What you have to do
Exactly as written, set down each line of the data below except its pictures.

Data provided
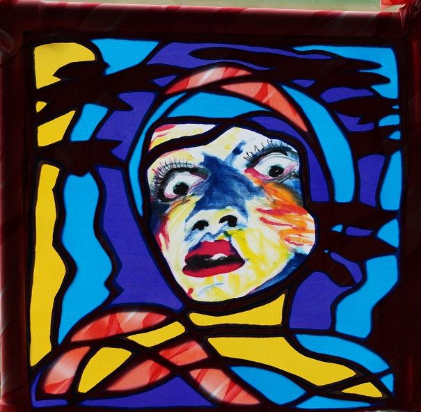 Today’s prompt, “Paris,” made me think of cathedrals and stained glass rose windows. Which made me think of one of my fabric glass pieces. A long time ago, I was inspired by the cover on the box of The Old Dark House (1932). I used fabric dyes to paint the face on treated spandex and created a series. My bather in her vintage swim-cap always looks so spooked. She’s still one of my favorite creations. I’m actually wearing a long-sleeved T-shirt with her on it right now. However, she also looks spooky as Medusa.
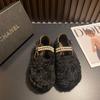 2025 autumn and winter new two wear pearl bow fluffy shoes women wear round head one pedal slippers lazy shoes
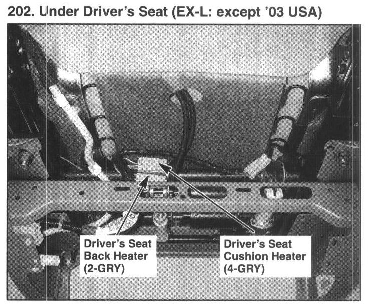 202. Under Driver's Seat (EX-L: except '03 USA):

Expected output
 Today’s prompt, “Paris,” made me think of cathedrals and stained glass rose windows. Which made me think of one of my fabric glass pieces. A long time ago, I was inspired by the cover on the box of The Old Dark House (1932). I used fabric dyes to paint the face on treated spandex and created a series. My bather in her vintage swim-cap always looks so spooked. She’s still one of my favorite creations. I’m actually wearing a long-sleeved T-shirt with her on it right now. However, she also looks spooky as Medusa.
 2025 autumn and winter new two wear pearl bow fluffy shoes women wear round head one pedal slippers lazy shoes
 202. Under Driver's Seat (EX-L: except '03 USA):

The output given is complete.